AIM OF THE TASK: Reproduce the entries verbatim; no pictures.

Segment Open

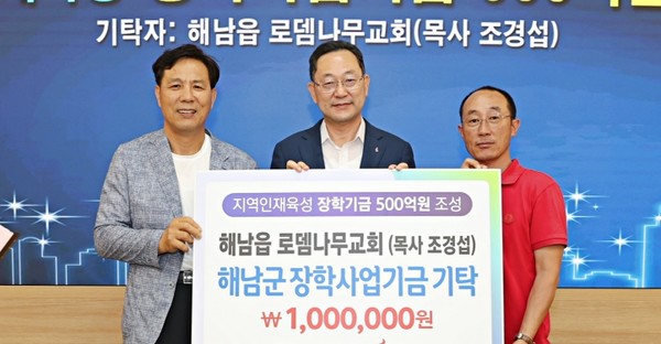 해남읍 로뎀나무교회 조경섭 목사가 지난 14일 해남군 장학사업기금 500억 조성에 100만원을 보탰다. 화산면 출신인 조경섭 목사는 해남씽크를 경영하면서 목회 활동을 하고 있는데 어려운 가정을 방문해 무료로 씽크대를 교체해 주고, 해남서초와 해남중학교 등굣길 교통 봉사로 지역사랑을 선보이고 있다.
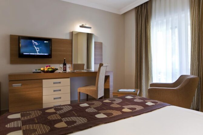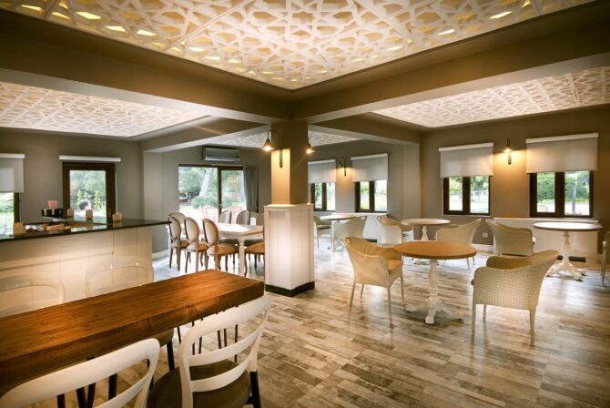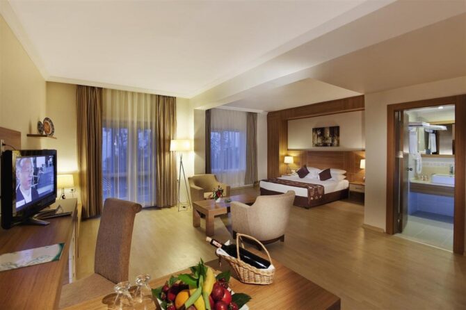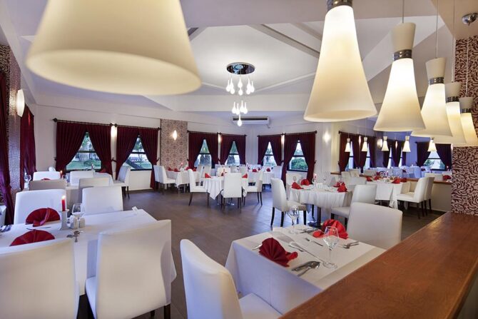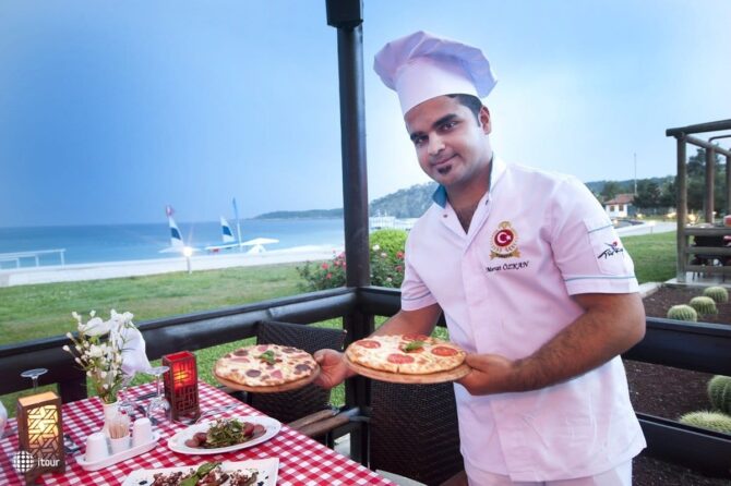 На всей территории комплекса работают бары с алкогольными и безалкогольными напитками импортного и местного изготовления. Пиццей, лепешками и легкими закусками можно перекусить в снэк-баре. Свежую выпечку, сладости и кофе подают в уютном кафе. Круглосуточно работает лобби, где есть горячие и холодные напитки без содержания алкоголя. До двух часов ночи в Turkuaz Restorant можно попробовать оригинальные закуски.
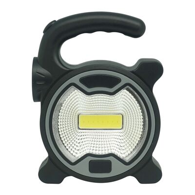 13,1 x 10 x 3,6 cm. Plástico ABS. Linterna con 8 luces led y 1 led blanca. Cuenta con una manija con botón que permite encender las luces, en la primera presión enciende las 8 luces y volviendo a presionar enciende la luz led. Incluye 3 baterias.
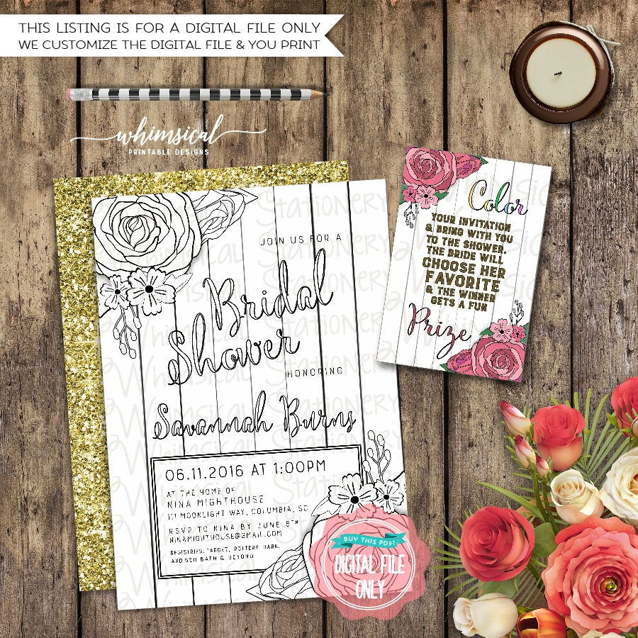 "Coloring Pages, Floral Wood" Printable Bridal Shower Invite
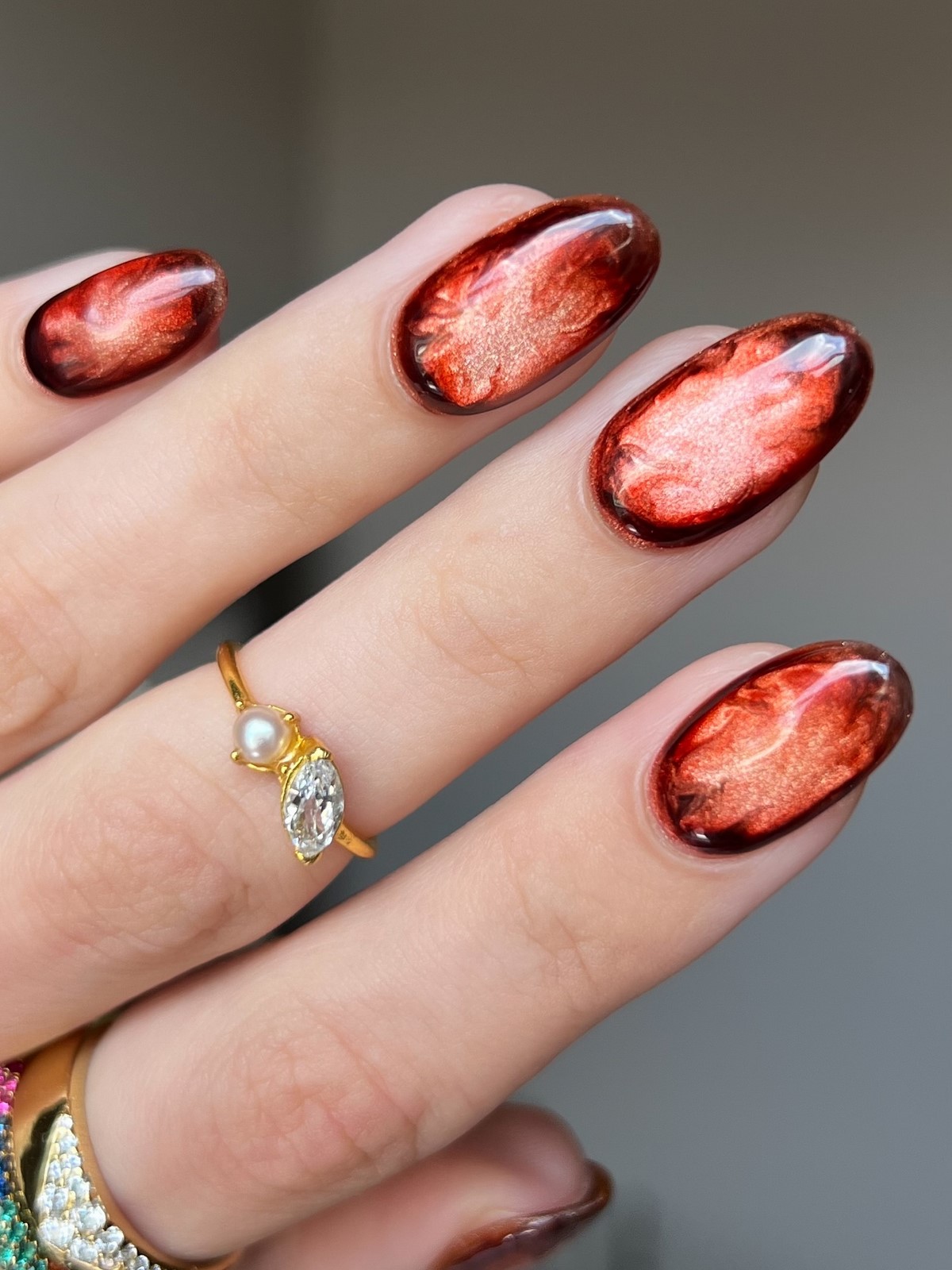 В январе 2026 сияние становится более утонченным. Вместо крупного глиттера используются перламутровые пигменты, микро-шиммер и эффект «влажного блеска». Сияние словно исходит изнутри ногтя, подчеркивая аура-градиент.
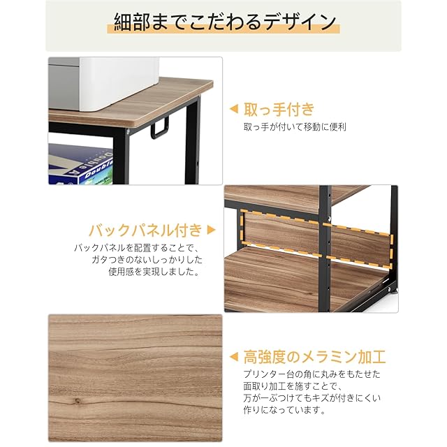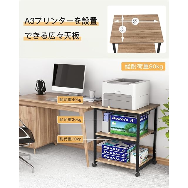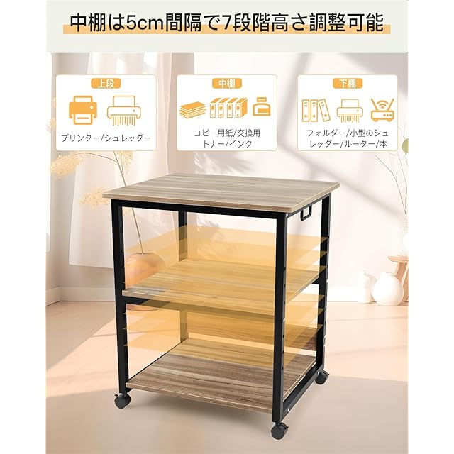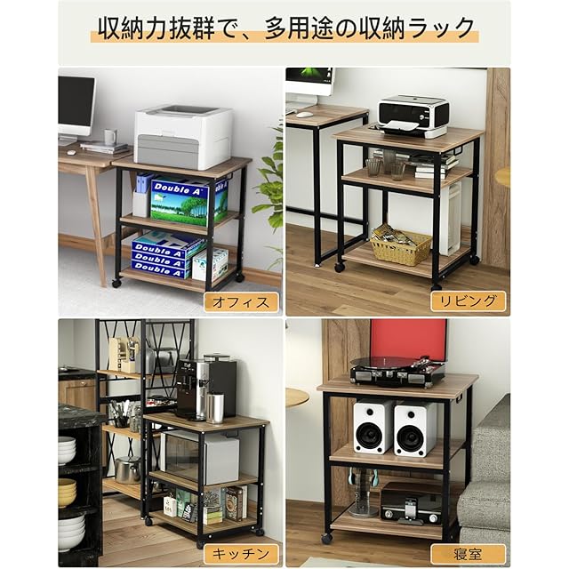 【様々な場所に設置可能で活用いただける】 オフィスでプリンターを置くだけではなく、リビングで簡易のテレビ台や植物の鉢置き、キッチンの電子レンジや小型オーブンなどの家電置き、生活雑用の備品棚としても、少し大きめでよく使われる生活用品の収納場所に困らなくなり、様々な場所に幅広くご活用いただけます。
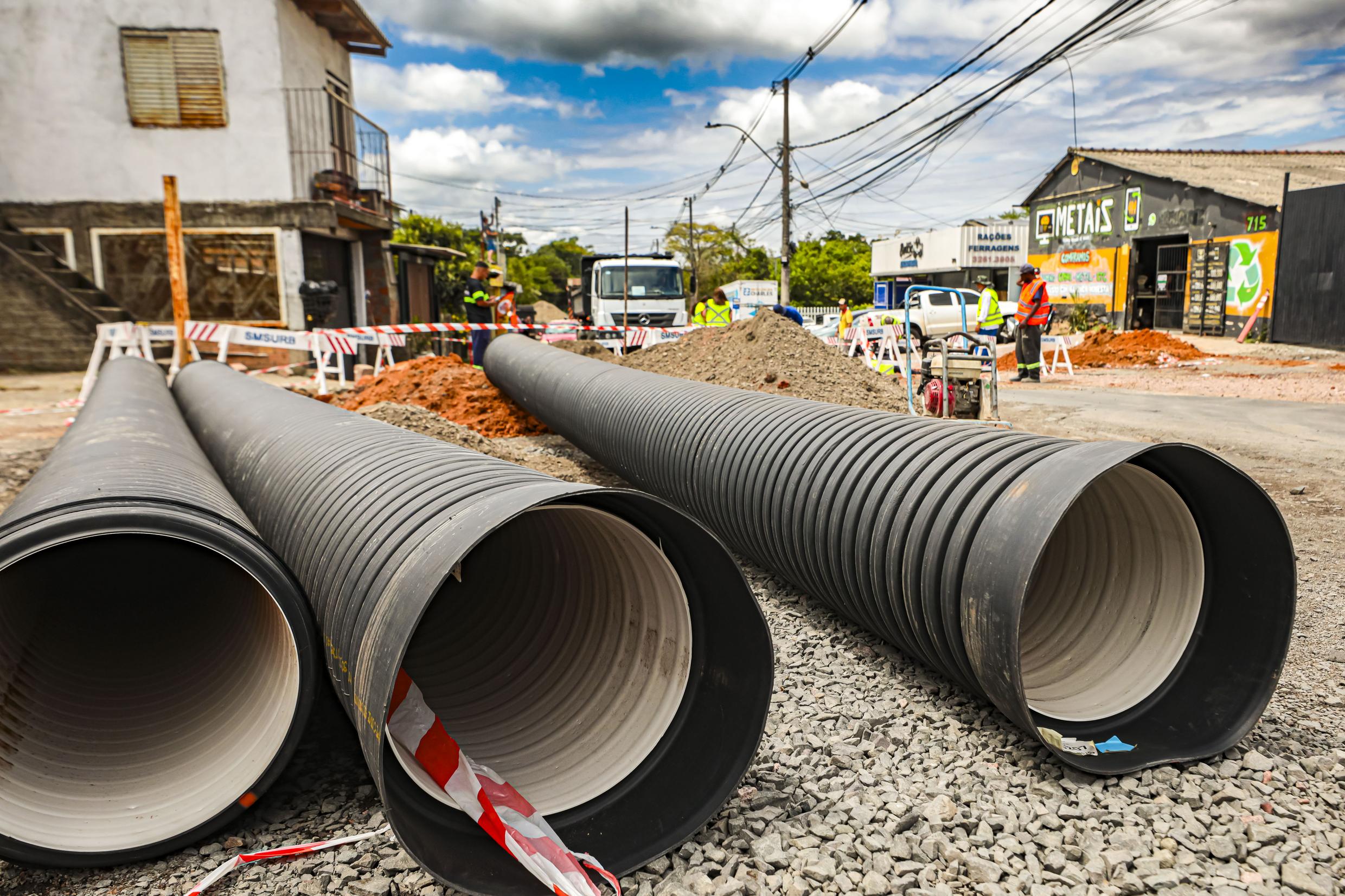 Porto Alegre, RS, Brasil, 08/01/2026: Nesta quinta-feira, 8, a Secretaria Municipal de Serviços Urbanos (Smsurb) retoma os serviços de recuperação estrutural do pavimento da Estrada Cristiano Kraemer, no trecho entre a Estrada das Três Meninas e a rua Rio Grande, no sentido bairro/Centro. Nesta semana, a obra avança para a etapa de implantação do sistema de drenagem. Para a execução dos serviços, será necessária a realização de cinco travessias da rede de drenagem ao longo do trecho em obras. As intervenções estão programadas para esta quinta, sexta e sábado, 8, 9 e 10. Foto: Alex Rocha/PMPA

Segment Closed

RESPONSE:
 해남읍 로뎀나무교회 조경섭 목사가 지난 14일 해남군 장학사업기금 500억 조성에 100만원을 보탰다. 화산면 출신인 조경섭 목사는 해남씽크를 경영하면서 목회 활동을 하고 있는데 어려운 가정을 방문해 무료로 씽크대를 교체해 주고, 해남서초와 해남중학교 등굣길 교통 봉사로 지역사랑을 선보이고 있다.
 На всей территории комплекса работают бары с алкогольными и безалкогольными напитками импортного и местного изготовления. Пиццей, лепешками и легкими закусками можно перекусить в снэк-баре. Свежую выпечку, сладости и кофе подают в уютном кафе. Круглосуточно работает лобби, где есть горячие и холодные напитки без содержания алкоголя. До двух часов ночи в Turkuaz Restorant можно попробовать оригинальные закуски.
 13,1 x 10 x 3,6 cm. Plástico ABS. Linterna con 8 luces led y 1 led blanca. Cuenta con una manija con botón que permite encender las luces, en la primera presión enciende las 8 luces y volviendo a presionar enciende la luz led. Incluye 3 baterias.
 "Coloring Pages, Floral Wood" Printable Bridal Shower Invite
 В январе 2026 сияние становится более утонченным. Вместо крупного глиттера используются перламутровые пигменты, микро-шиммер и эффект «влажного блеска». Сияние словно исходит изнутри ногтя, подчеркивая аура-градиент.
 【様々な場所に設置可能で活用いただける】 オフィスでプリンターを置くだけではなく、リビングで簡易のテレビ台や植物の鉢置き、キッチンの電子レンジや小型オーブンなどの家電置き、生活雑用の備品棚としても、少し大きめでよく使われる生活用品の収納場所に困らなくなり、様々な場所に幅広くご活用いただけます。
 Porto Alegre, RS, Brasil, 08/01/2026: Nesta quinta-feira, 8, a Secretaria Municipal de Serviços Urbanos (Smsurb) retoma os serviços de recuperação estrutural do pavimento da Estrada Cristiano Kraemer, no trecho entre a Estrada das Três Meninas e a rua Rio Grande, no sentido bairro/Centro. Nesta semana, a obra avança para a etapa de implantação do sistema de drenagem. Para a execução dos serviços, será necessária a realização de cinco travessias da rede de drenagem ao longo do trecho em obras. As intervenções estão programadas para esta quinta, sexta e sábado, 8, 9 e 10. Foto: Alex Rocha/PMPA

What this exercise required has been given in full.